» TASK TO CARRY OUT
Output the listing below verbatim, but drop the images.

» GIVEN MATERIAL
______
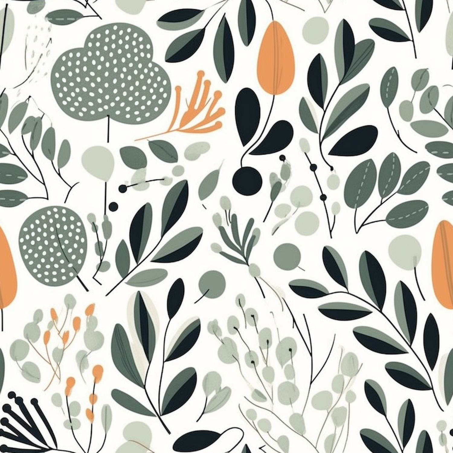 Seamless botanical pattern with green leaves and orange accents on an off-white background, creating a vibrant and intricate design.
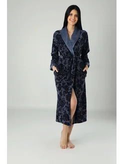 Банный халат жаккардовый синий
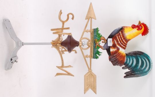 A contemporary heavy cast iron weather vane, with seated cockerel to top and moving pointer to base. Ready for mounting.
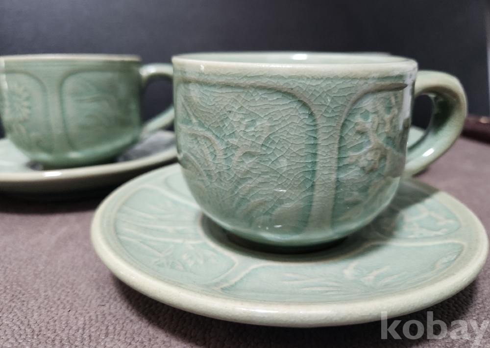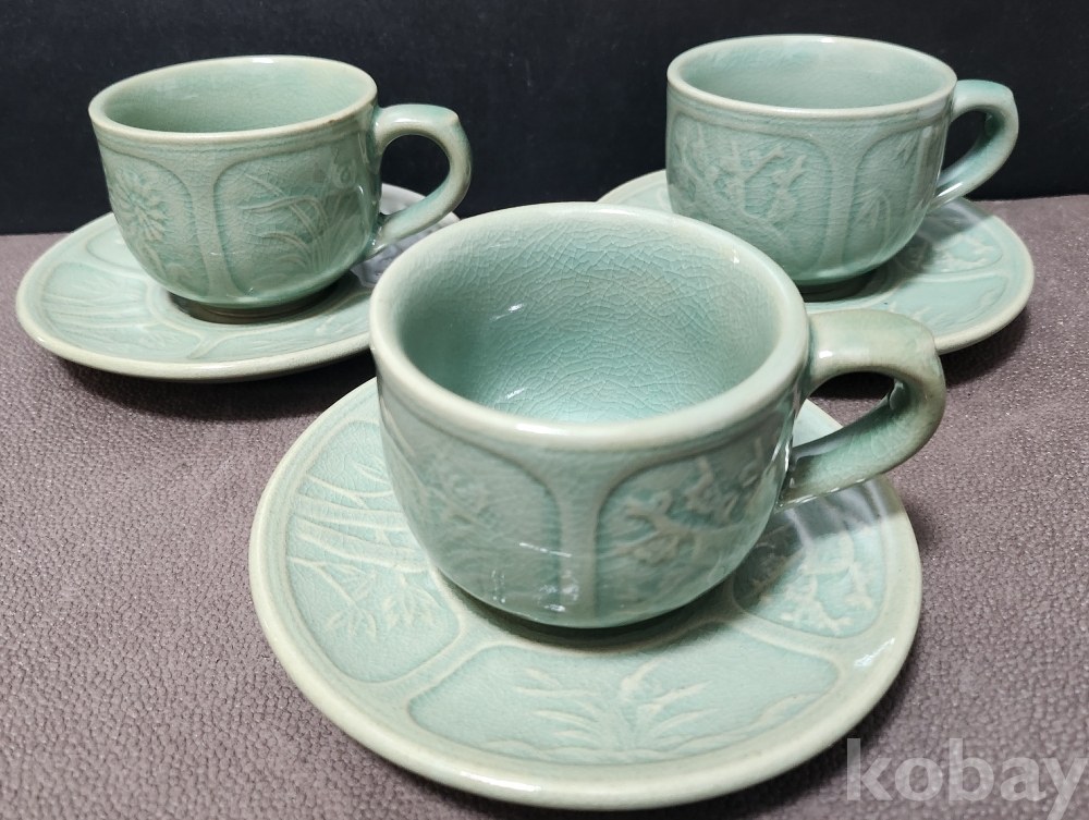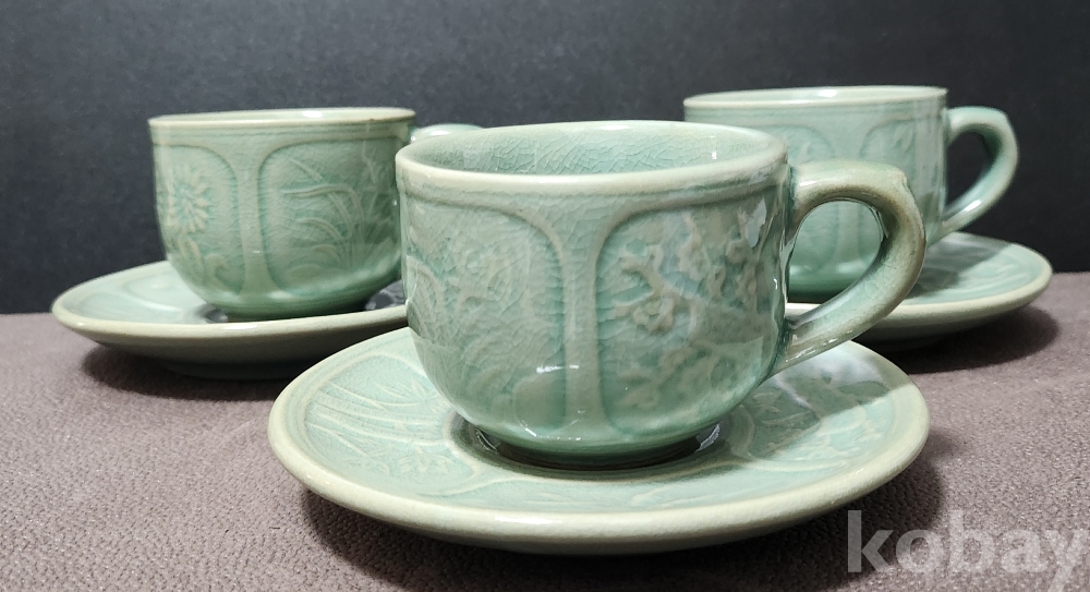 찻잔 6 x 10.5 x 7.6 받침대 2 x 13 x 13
______
» SOLUTION
 Seamless botanical pattern with green leaves and orange accents on an off-white background, creating a vibrant and intricate design.
 Банный халат жаккардовый синий
 A contemporary heavy cast iron weather vane, with seated cockerel to top and moving pointer to base. Ready for mounting.
 찻잔 6 x 10.5 x 7.6 받침대 2 x 13 x 13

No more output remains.